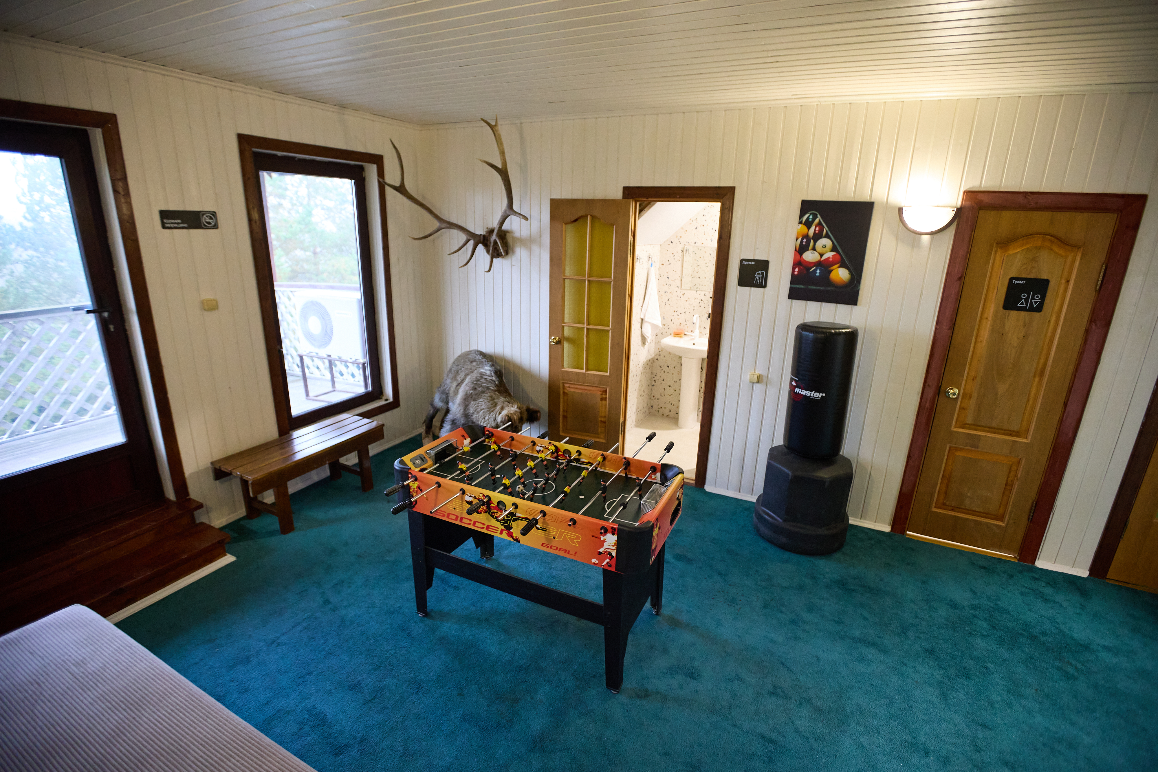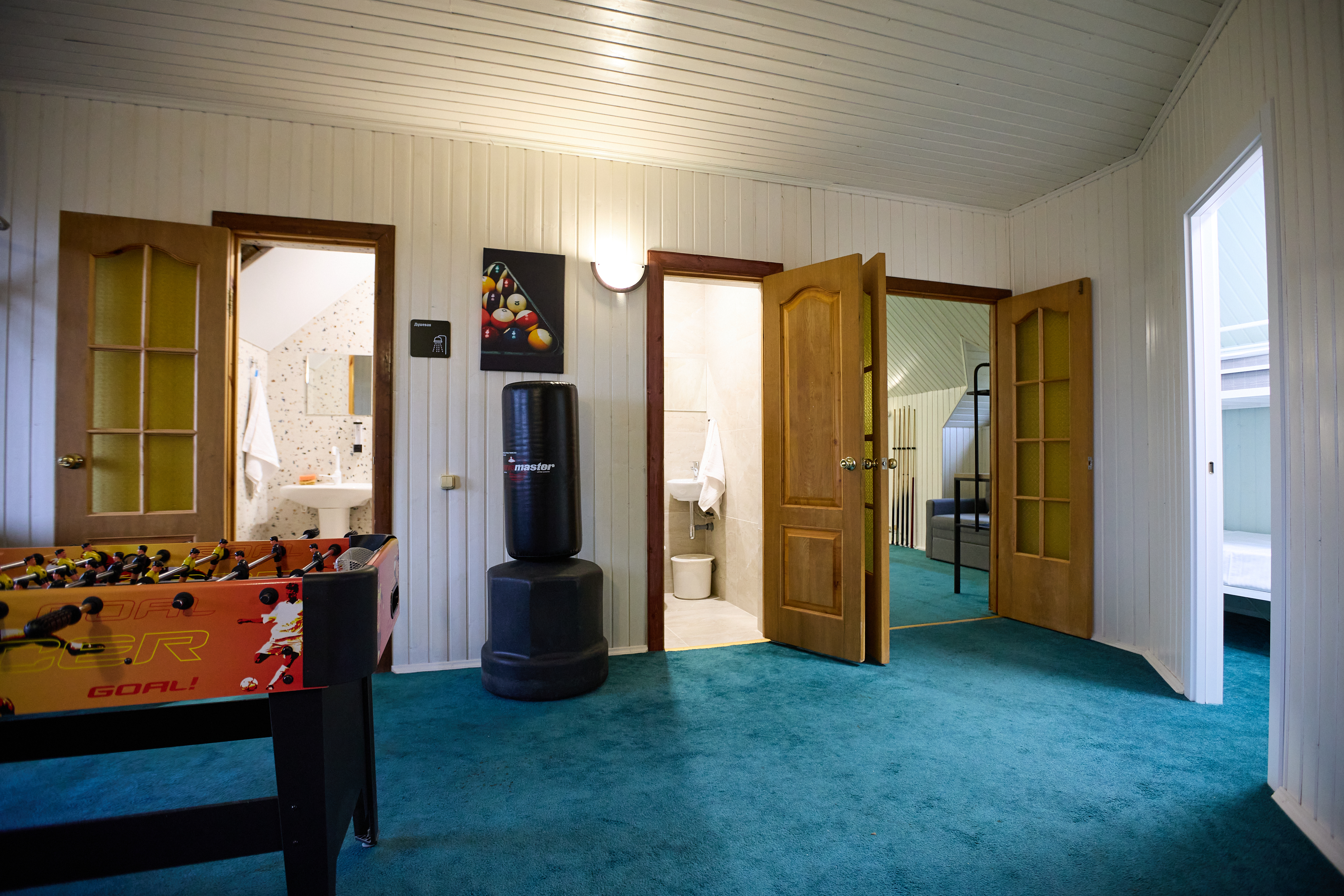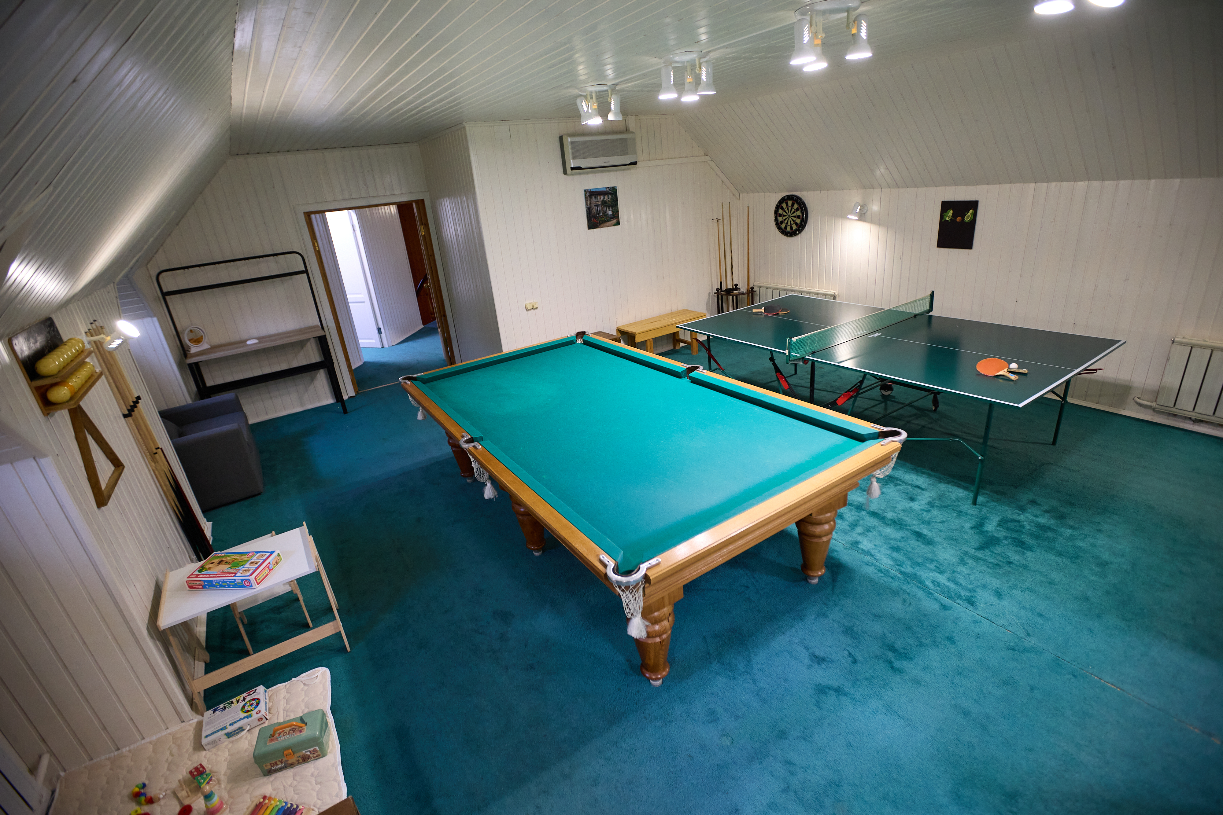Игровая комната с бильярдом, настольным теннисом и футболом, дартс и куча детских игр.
○ ○ ○
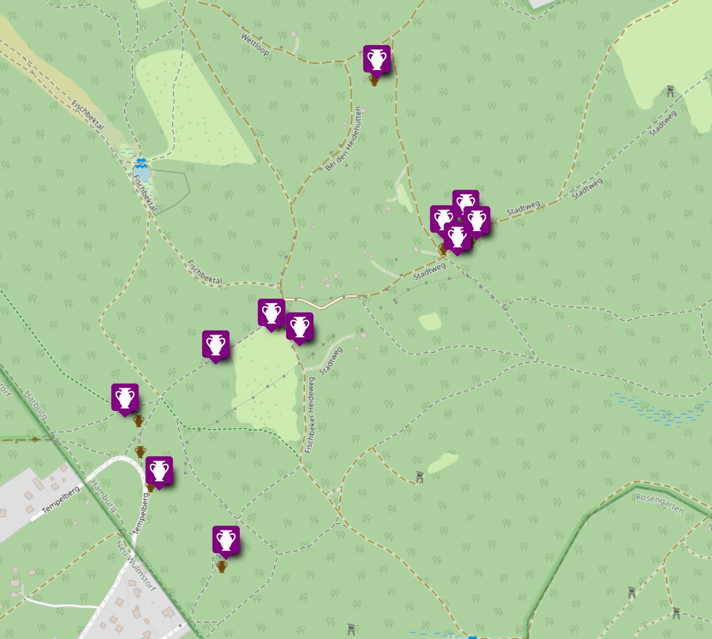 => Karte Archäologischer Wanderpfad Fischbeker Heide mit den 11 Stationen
○ ○ ○
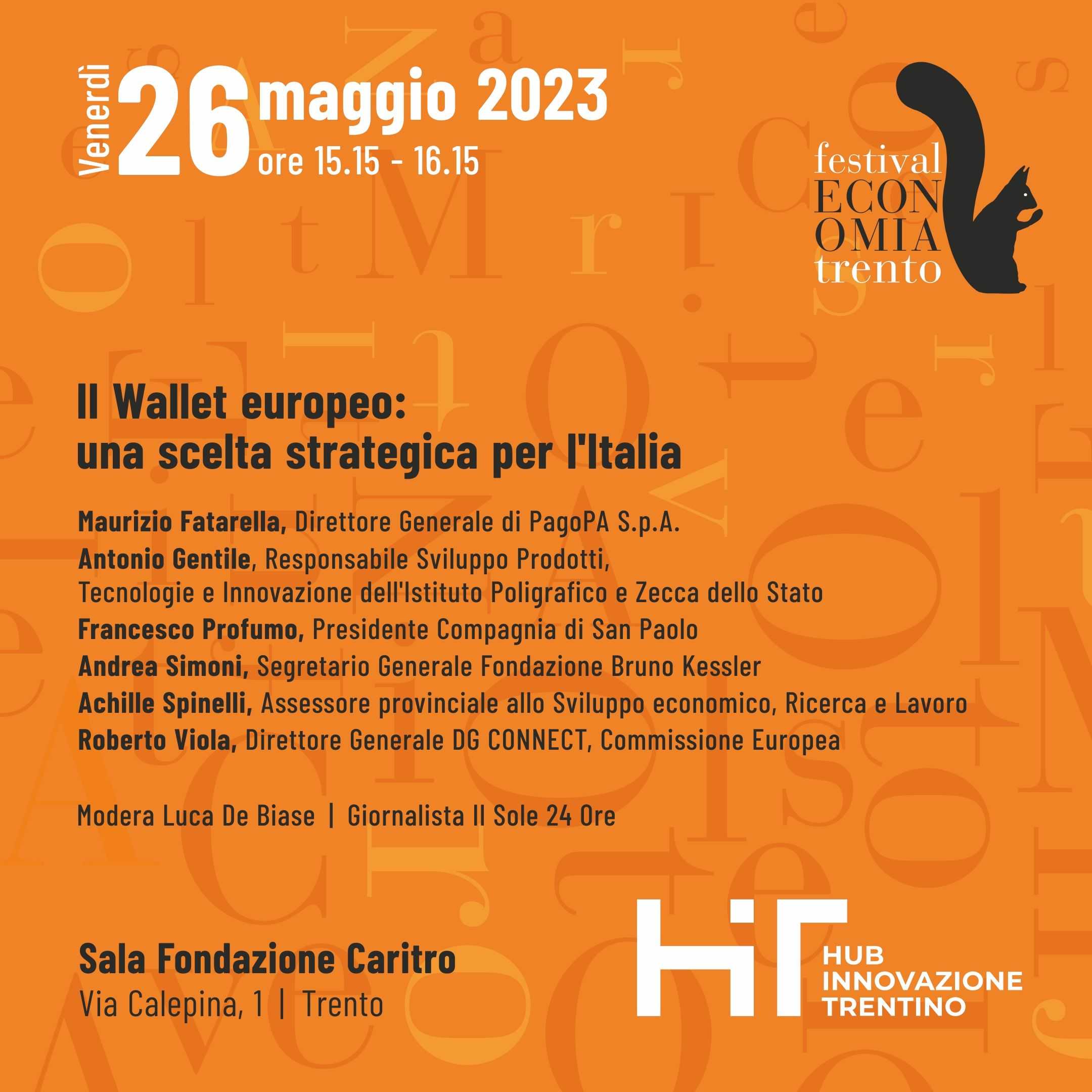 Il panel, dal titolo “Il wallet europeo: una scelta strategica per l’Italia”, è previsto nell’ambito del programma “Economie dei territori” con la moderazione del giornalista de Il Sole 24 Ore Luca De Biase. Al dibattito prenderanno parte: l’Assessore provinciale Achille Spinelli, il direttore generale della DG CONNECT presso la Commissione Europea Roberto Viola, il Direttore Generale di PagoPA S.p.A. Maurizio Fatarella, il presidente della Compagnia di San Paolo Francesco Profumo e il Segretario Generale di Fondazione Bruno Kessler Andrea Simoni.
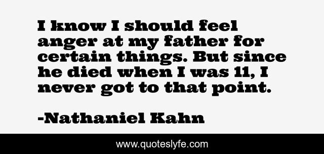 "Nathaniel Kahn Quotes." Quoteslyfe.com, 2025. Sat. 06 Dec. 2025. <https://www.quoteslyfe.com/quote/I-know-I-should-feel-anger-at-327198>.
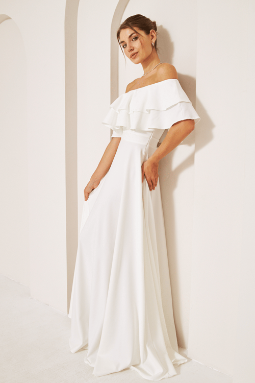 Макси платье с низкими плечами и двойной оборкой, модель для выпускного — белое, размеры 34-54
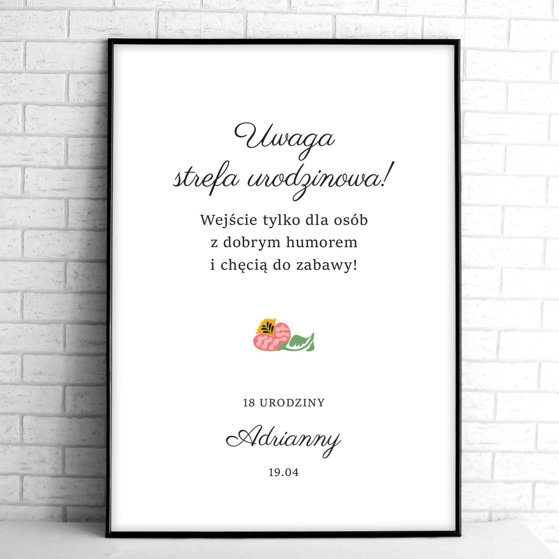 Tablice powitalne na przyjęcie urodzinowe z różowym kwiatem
○ ○ ○
> [Task to complete]
With the pictures removed, print only the lines starting at the line that has "Макси платье с" and ending at the line that has "Tablice powitalne na", both ends included, exactly as they stand above.

> [Task result]
 Макси платье с низкими плечами и двойной оборкой, модель для выпускного — белое, размеры 34-54
 Tablice powitalne na przyjęcie urodzinowe z różowym kwiatem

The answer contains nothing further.